La carbonata: un piatto da taverna

©Photo. R.M.N. / R.-G. OjŽda

Quando parliamo di Carbonata non possiamo non citare il Maestro Martino da Como ed il suo Libro De Arte Coquinaria. Un maestro a tutti gli effetti soprattutto per il fatto che, con le sue spezie abbia creato un ponte tra Medioevo e Rinascimento. Una caratteristica della cucina medievale è proprio l’utilizzo delle spezie che la rende molto diversa dalla nostra. Chi non se le poteva permettere si accontentava di aromi locali molto semplici e super reperibili come le erbe odorose (prezzemolo, maggiorana, finocchio, issopo, menta, basilico). Non dimentichiamoci i bulbi come l’aglio, che pur essendo predominante sulle tavole popolari non veniva disdegnato su quelle dei nobili anche per le proprietà antinfiammatorie ma un poco meno per l’alitosi.
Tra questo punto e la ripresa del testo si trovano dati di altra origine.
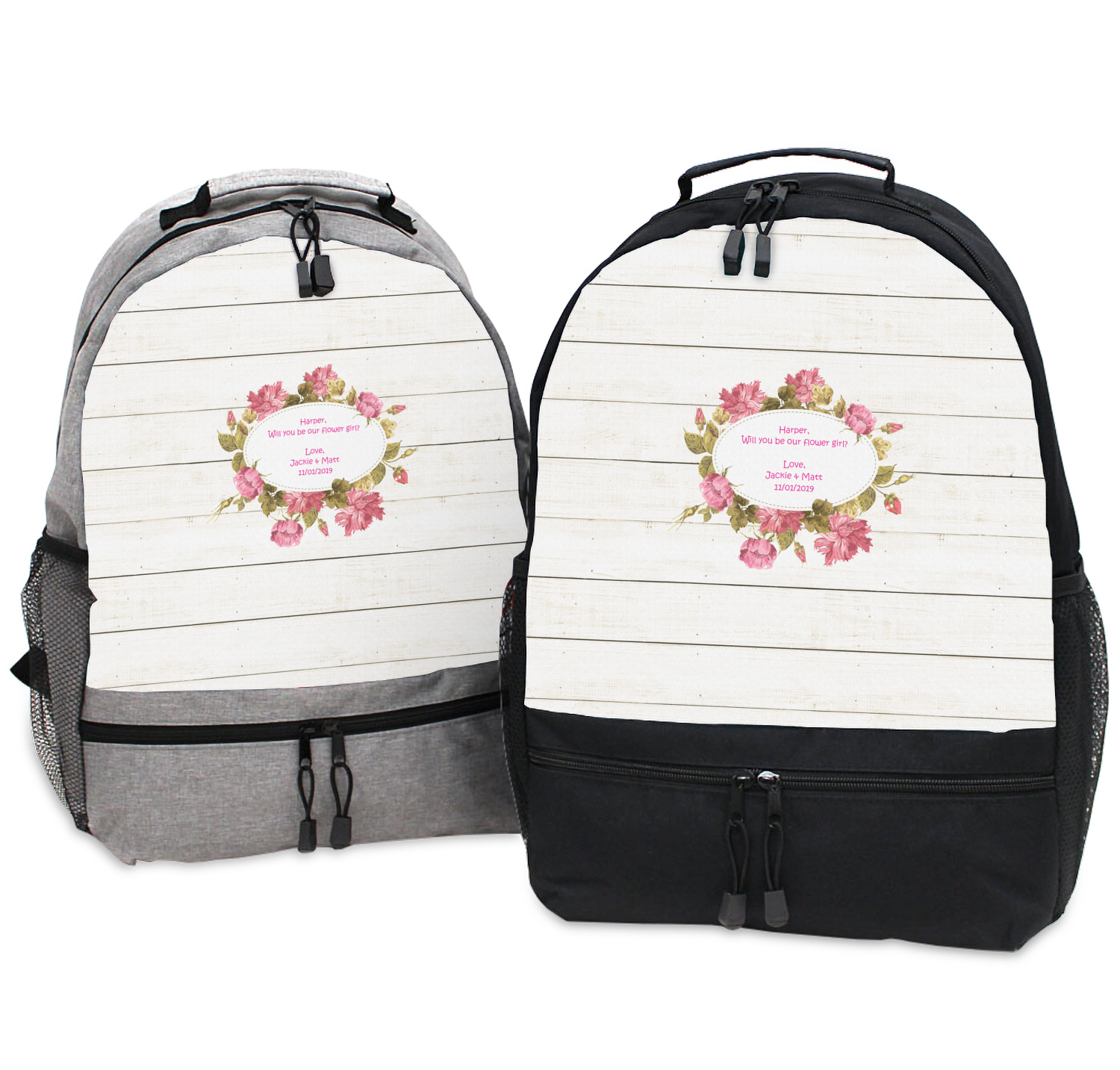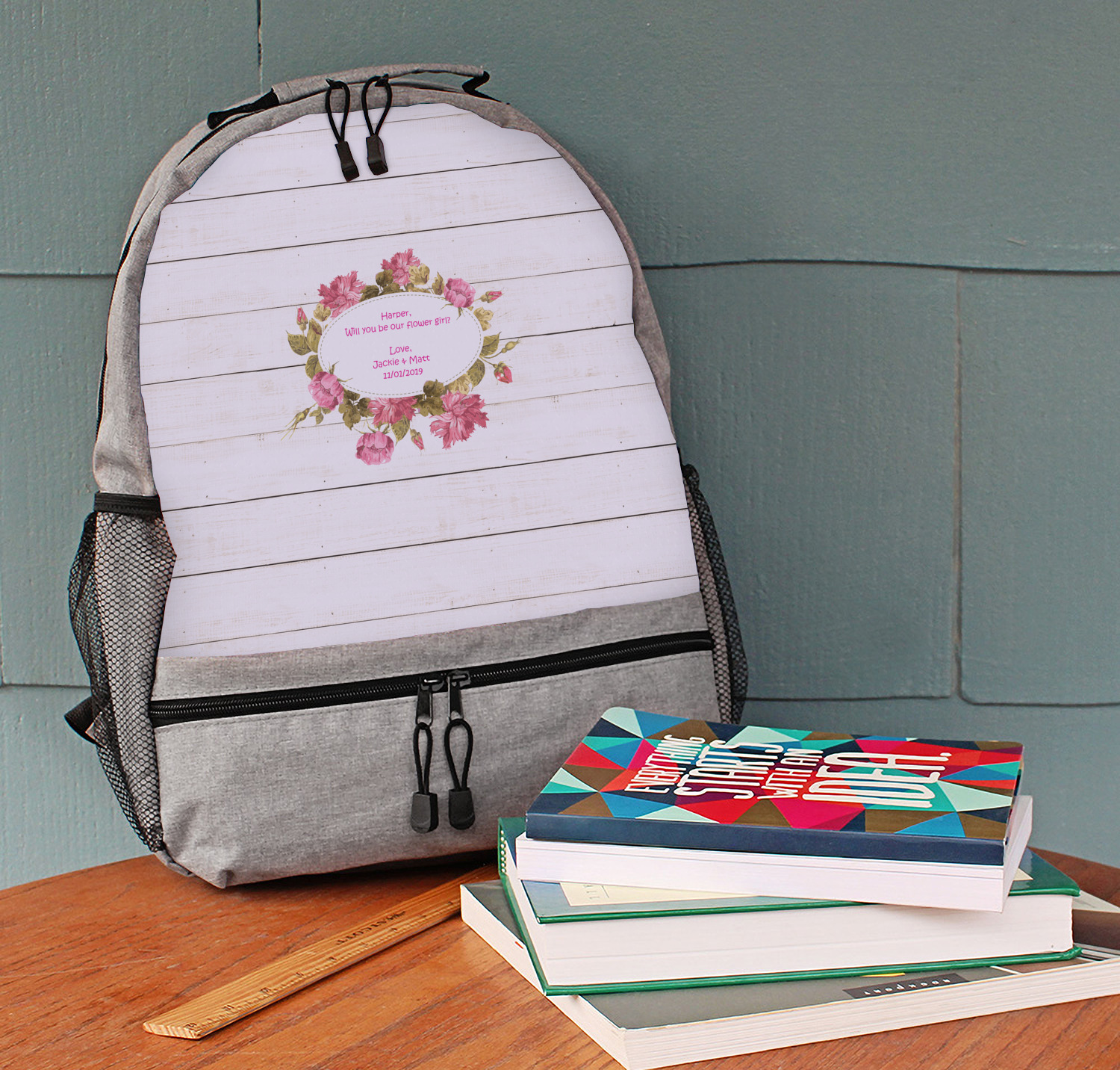 The main design has a background of weathered wooden planks. A beautiful light pink flower frame is used as the focal point of this design. The pink color of the frame and the personalization inside is the perfect contrast to the light colored wood.

Le spezie sono ritenute l’emblema dell’alimentazione medievale, ricca di sapori forti e contrastanti, del resto fu Macrobio nel V secolo ad usare per la prima volta questo termine per indicare qualcosa di “speciale” da abbinare all’ordinario.
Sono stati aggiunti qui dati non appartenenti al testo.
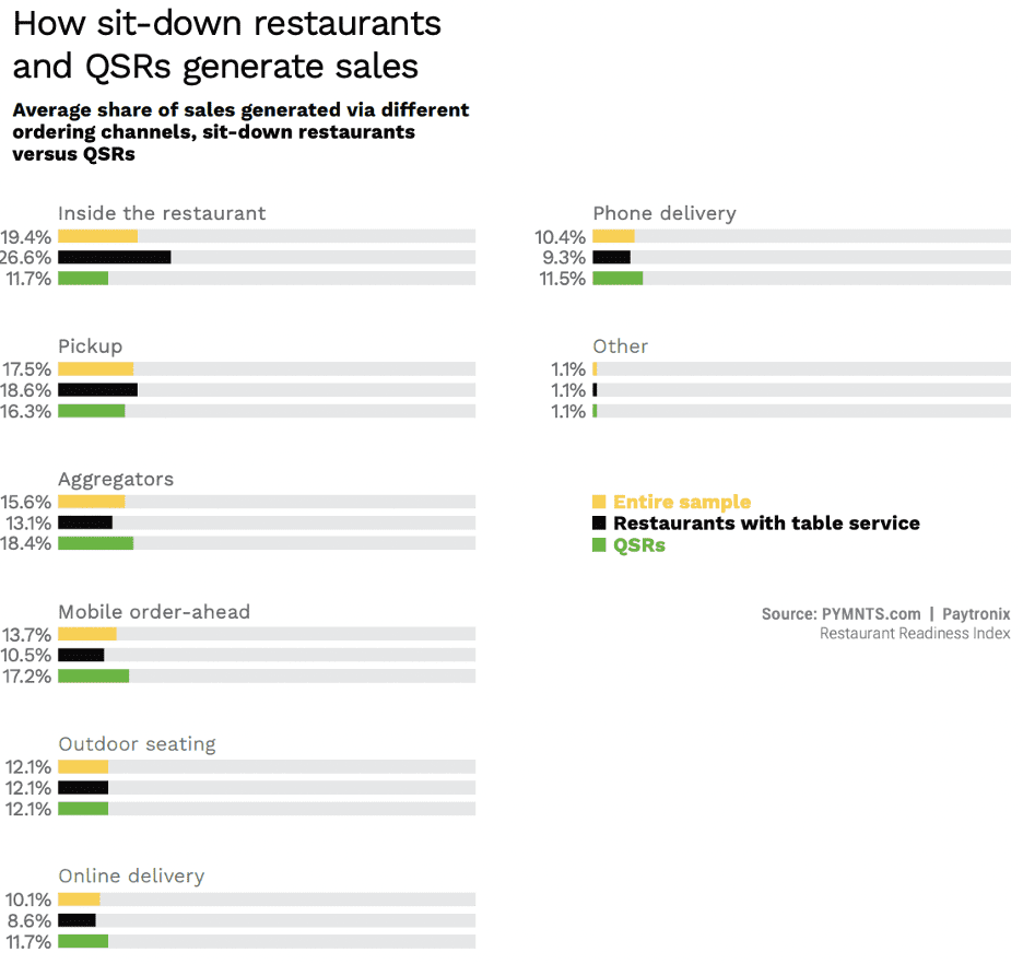 This aversion to dine-in may, however, be offset by the rise of off-premises ordering. The Restaurant Readiness Index found that about two-thirds of all restaurants’ sales are being generated through off-premises channels. Unsurprisingly, this shift to off-premises is more pronounced for quick-service restaurants (QSRs) than for sit-down establishments, with the former generating three-quarters of all sales through these channels and the latter only around three-fifths of sales.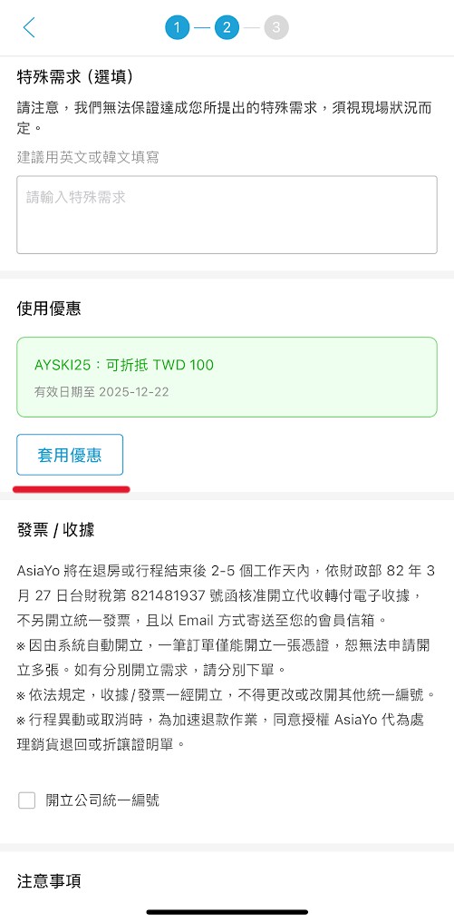 >>> Step 3:輸入 AsiaYo 讀者專屬優惠碼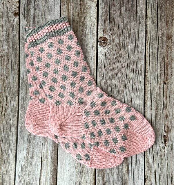 Villased sokid on roosat värvi ning kelmikate hallide täppidega. Sokilõnga koostis 60% meriino, 40% akrüül. Tänu meriinosisaldusele on sokid pehmed ja sobivad hästi ka palja jala peal kandmiseks.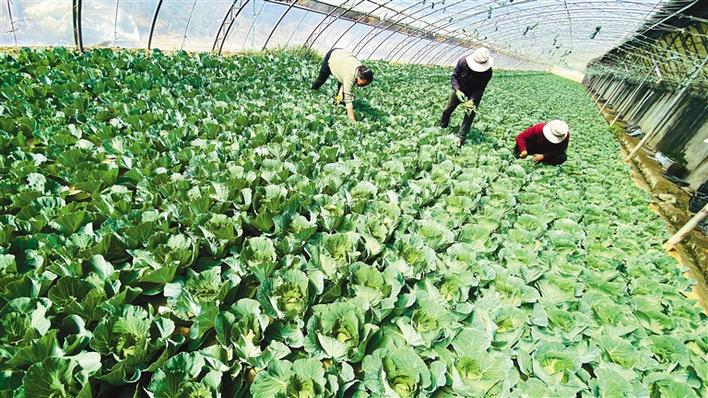 曲水縣聶當鄉(xiāng)當?shù)剞r(nóng)民為溫室大棚內(nèi)種植的蔬菜除草。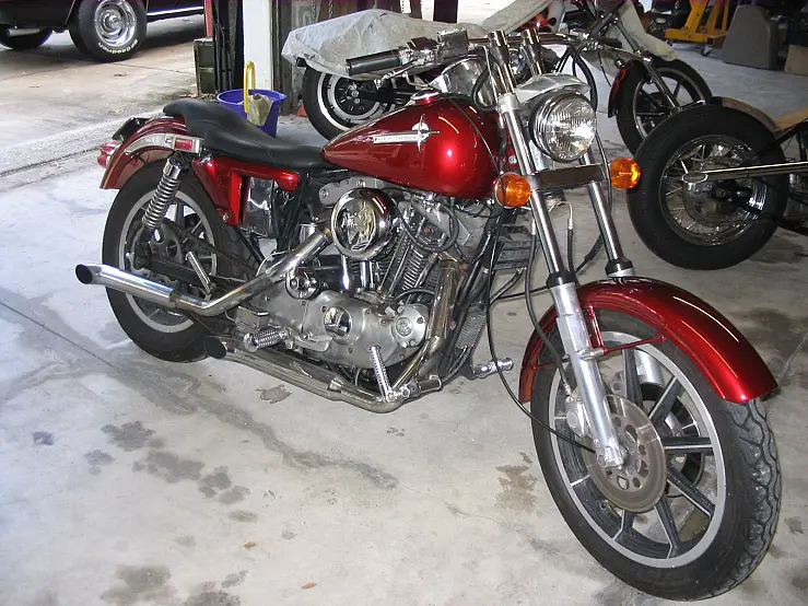 Up for auction is my 1980 Ironhead Sportster. The motor and trans are all original. 000cc. w/ a 4 speed tranny. The motor has under 20. 00 miles and tranny shifts fine. Orig. carb. clutch brakes. battery and controls are fairly new. Tires are real good. THE BAD is it smokes like crazy. so I stopped riding it. I think a lifter or valve is bad or both. I am selling it as is. or will rebuild the top end and ask at least $1000 more. This bike has custom tank. bars . eat. and other stuff. and is a great bike. Paint is Brandy Wine and looks great. Clean Florida title and still registered. Any questions. e mail or call 845 300 3126
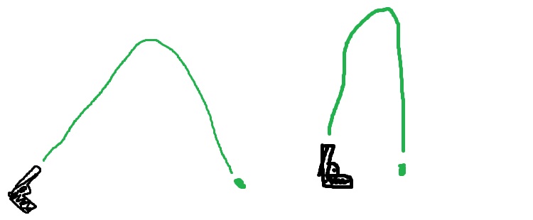 ***** ยิงโค้งความเร็วตอนตกก็จะเป็นแบบโปรเจ็กไตล์ หัวกระสุนจะพุ่งขึ้นและลงตามแนวองศาที่ยิง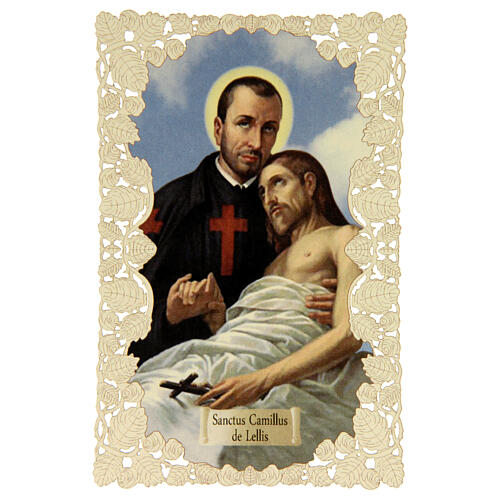 Obrazek religijny - Święty Kamil De Lellis, dekoracja koronkowa, 11x7 cm
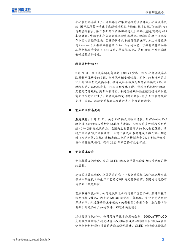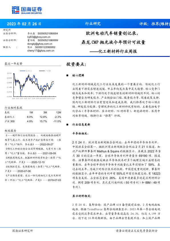 化工新材料行业周报:欧洲电动汽车销量创记录,鼎龙CMP抛光液今年预计可放量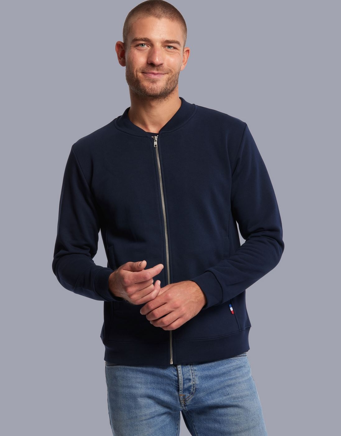 Blouson Made in France façon Teddy. 80% coton biologique certifié OCS, 20% polyester recyclé. 2 poches mains passepoilées. Matière Terry 350g/m² lavée, non grattée pour éviter le boulochage + traitement silicone pour améliorer la longévité du vêtement. Col en demi lune. Double piqure en bas de veste. Bande de propreté au col. Zip central YKK.

Perché parliamo di spezie? Perché questa ricetta ne contiene una, la cannella, tra i sapori più tipici dei piatti medievali e spesso si mescolava all’agro, come vedremo proprio con la Carbonata. Era ovviamente costosissima ma si sfruttava bene sia nel dolce che nel salato: evolveva completamente se abbinata ad un agrume.
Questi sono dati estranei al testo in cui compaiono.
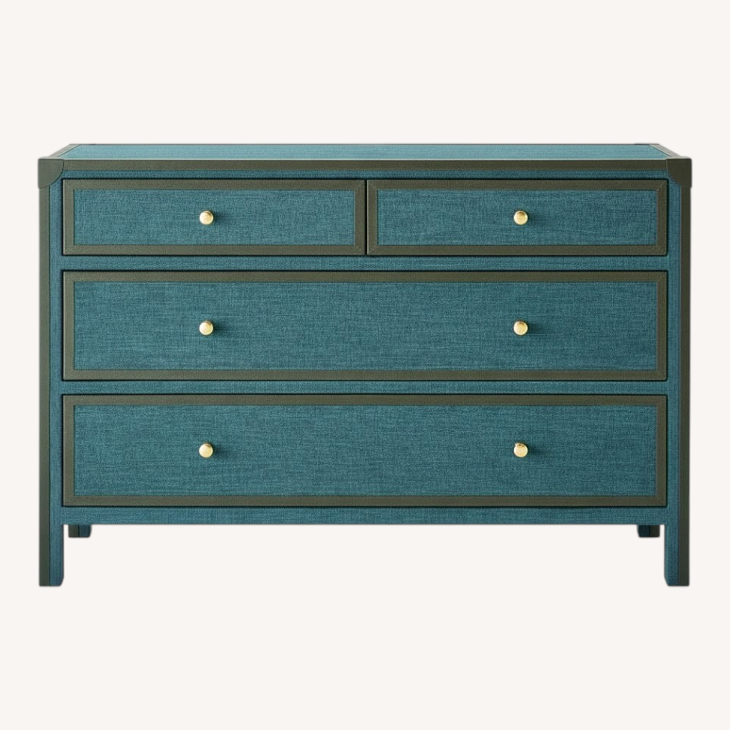 Elevate any bedroom, entryway, or dressing space with this brand new, custom‑made dresser by MADE GOODS, a brand celebrated for its sculptural forms, artisanal finishes, and impeccable craftsmanship. This bespoke piece combines textured fabric‑wrapped surfaces with leather trim and detailing, creating a refined, tactile contrast that feels both modern and timeless.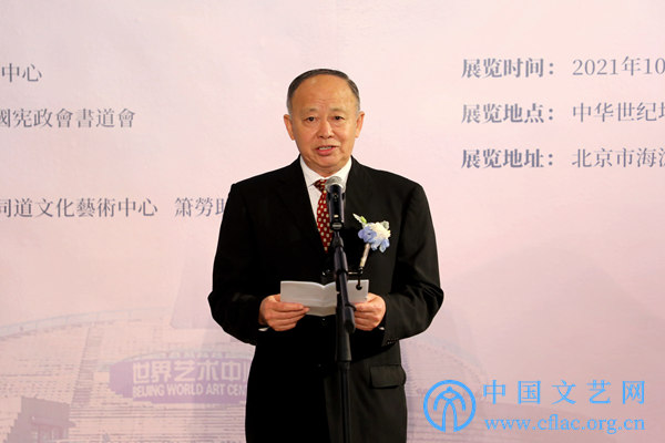 11月2日,第三届中韩议员公务员书法展在京开幕。图为中国城乡发展国际交流协会监事冯卓志在开幕式上致辞。 中国文艺网 韩雪竹 摄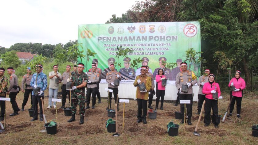 Pas-s.com- Bandar Lampung – Polresta Bandar Lampung bersama Polsek jajaran, melakukan penanaman pohon secara serentak, Kamis (27/6/2024).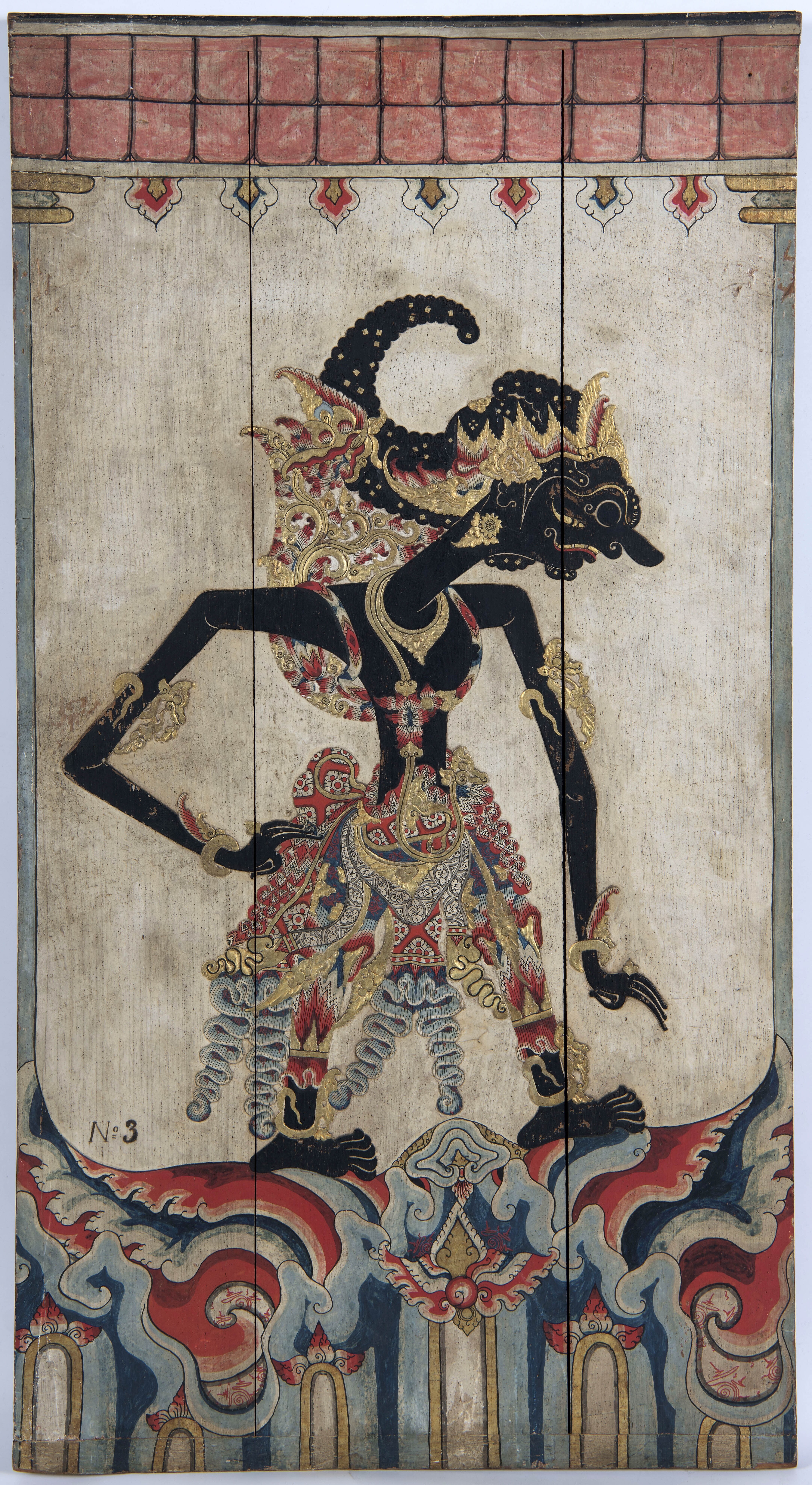 Houten bord waarop uitgesnlen de wajangfiguur Gatot ...

La ricetta che vi propongo prende il nome dal tipo di cottura perché la carne in cottura di solito era posta sui carboni del camino e diventava scura. La ricetta originale dice che :

Togli la carne salata che (sia) vergellata di grasso et magro insieme, et taglia in fette, et ponile accocere ne la padella et non le lassare troppo cocere. Dapoi mittele in un piatello et gettavi sopra un pocho di zuccharo, un pocha di cannella, et un pocho di petrosillo tagliato menuto. Et similmente poi fare de summata o presutto, giongendoli in scambio d’aceto del sucho d’aranci, o limoni, quel che più ti piacesse, et farrate meglio bevere (Ma 131)

Se leggiamo attentamente la ricetta ci accorgiamo che esistono due versioni : una con l’aceto e una con gli agrumi. La domanda sorge spontanea: Perché? Ebbene una spiegazione esiste. Le fonti antiche ci menzionano l’utilizzo degli agrumi soprattutto nei contesti nobiliari, erano infatti considerati pregiati mentre l’aceto era popolare. L’ultima frase poi meglio ci fa comprendere che questa ricetta fosse riproposta in contesti da taverna e fruttasse molti soldi soprattutto in merito al bere che ne susseguiva il consumo. Quindi più la si mangiava più si beveva. Furbi eh?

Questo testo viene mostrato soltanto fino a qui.